Por Sara Mehrgut
Ganadora de la IV edición de Excelencia Literaria
“Hubiéramos podido ser los dueños del ancho mundo
y no somos más que unos granos de trigo en la ancha Castilla”.
Bartolomé Bennassar
Me presentan en la facultad de Bellas Artes a un alumno que también es de Valladolid. Como somos los únicos pucelanos de la clase, mis amigas creen que me gustará conocerlo. Al principio, sí. Habla de los buenos artistas de nuestra ciudad (escritores, imagineros, pintores...) y yo asiento. De los enormes cielos que caen desde los edificios hasta los campos de labranza, y aplaudo. De la elegancia de los ciudadanos cuando pasean por las calles comerciales, y sonrío.
Con el éxito de sus primeras intervenciones, el muchacho se me crece y asegura que viviría en Valladolid toda su vida. ¡Qué empeño, Dios mío, de no desear ningún otro horizonte!... Por si aquello no fuera suficiente, el amor a la patria chica le hace embalarse:
—Te aseguro que Valladolid es la ciudad perfecta.
Ah, no. De eso ni hablar, guapo. No creo que la capital castellanoleonesa haya aspirado nunca al grado de la perfección, como si esta categoría fuese deseable para alguna urbe. ¿O es que a los lugares no los singularizan también sus defectos? Además, prueba a reírte de ese orgullo vallisoletano; es muy divertido.
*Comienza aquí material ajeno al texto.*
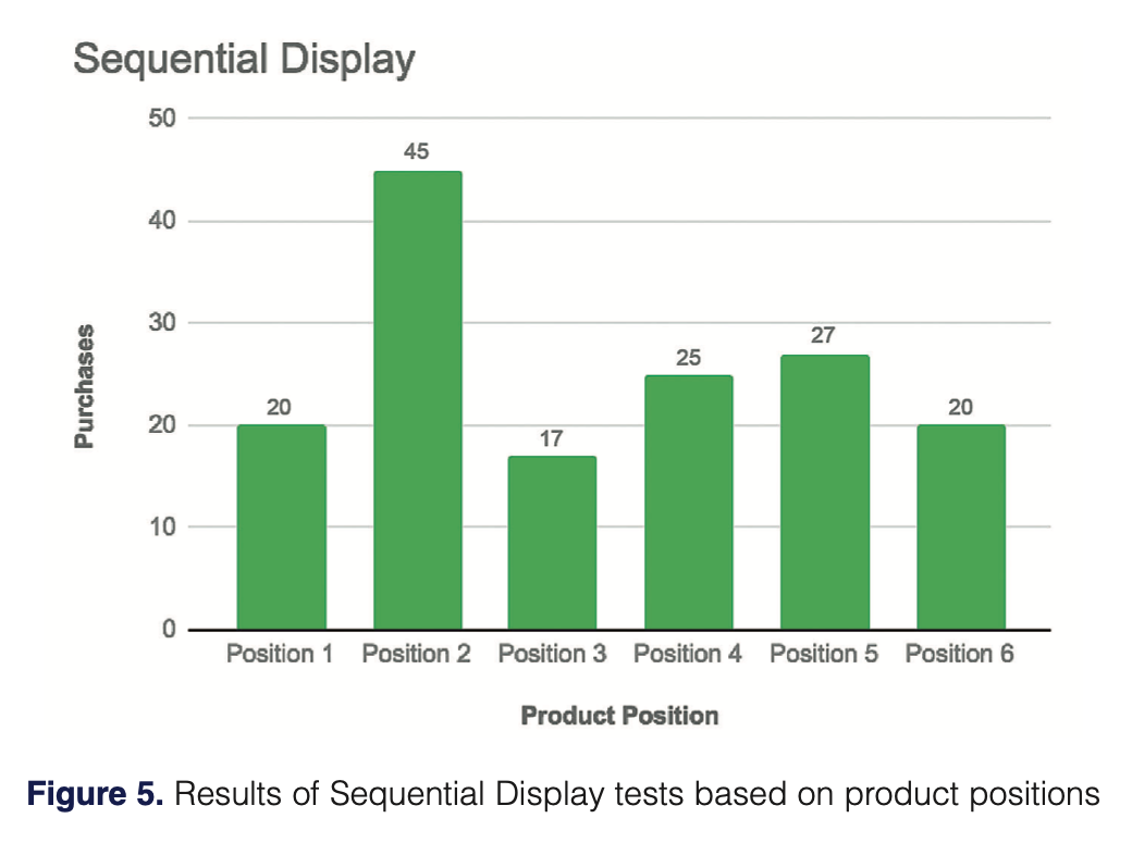 presentación secuencial: se eligieron principalmente productos en las posiciones segunda y penúltima, no exactamente la primera o última, como predecía la teoría.

Si uno se pasea entre otras juventudes castellanas, se observa un desprecio compulsivo a mi ciudad. Un famoso grito de guerra en cualquier fiesta que se precie, dice: «¡Pucelano el que no bote!». Con este gañido se inicia, media o finaliza el jolgorio, entre saltos, como si estuvieran locos. Ese rechazo es un rencor centenario a la capital de la Comunidad Autónoma, como si les hubiésemos robado algo. En uno de nuestros gestos de defensa, afirmamos: «envidia», antes de darnos la vuelta, airosos. Porque los vallisoletanos somos prodigiosamente agradables: con el tiempo, incluso, nos hemos acostumbrado a que nos reciban como a un ladrón en las tiendas.
—¿Quieres algo?
—No. Nada. Solo estoy mirando.
No sé si será la dulzura de la voz de la dependienta, su tono poco inquisitivo o la manera en que su mirada te repasa de los pies a la cabeza, pero algo en tus entrañas comienza a bramar: «¡Corre, Forrest, corre!...».
Por fortuna hablamos bien, sin acentos, vanagloriándonos de nuestra vocalización y riendo presuntuosos las gracias de los del Norte, que parece que cantan, o del audaz acento sureño, que se mal entiende.
Defendemos el «la dije...» con ímpetu feroz. Tengo amigas que, seguro, escribirán su tesis acerca de las ventajas informativas de este error gramatical.
Mi conciudadano me comenta lo “alegres” que son las charras en comparación con las vallisoletanas (será que quiere ganarse algún punto en mi opinión sobre él).
—¡Cosas de Salamanca!
—Ciertamente -le respondí, sonriéndome de su injusticia-, porque fuera de Pucela no hay nadie decente; puedes estar seguro de que al cruzar los lindes de la provincia, todas las mujeres son insufriblemente fáciles.
Al rato, como ya no hay conversación, surge el asunto de la climatología. Ya no puede entretenerse con sus dulces comparaciones y yo respiro tranquila, confirmándole que el de hoy es un día inmejorable. Apenas he terminado la frase cuando soy consciente de mi error, pues la solana hace del día una maravilla. Y la grata compañía, erre que erre.
—Con este bochorno, lástima no tengan playa como en...
—¿Valladolid? ¿En serio echas de menos ese trozo de arena a las orillas de tan cristalinas aguas? –me pregunta.
La hora libre ha terminado. Él se ríe.
—Menudo carácter. Se ve a kilómetros que eres vallisoletana.
Llegado a este punto... ¿conviene protestar? ¡Qué va! Es hora de empezar una nueva clase.
Me levanto y me voy. Se nota, seguro, que soy vallisoletana.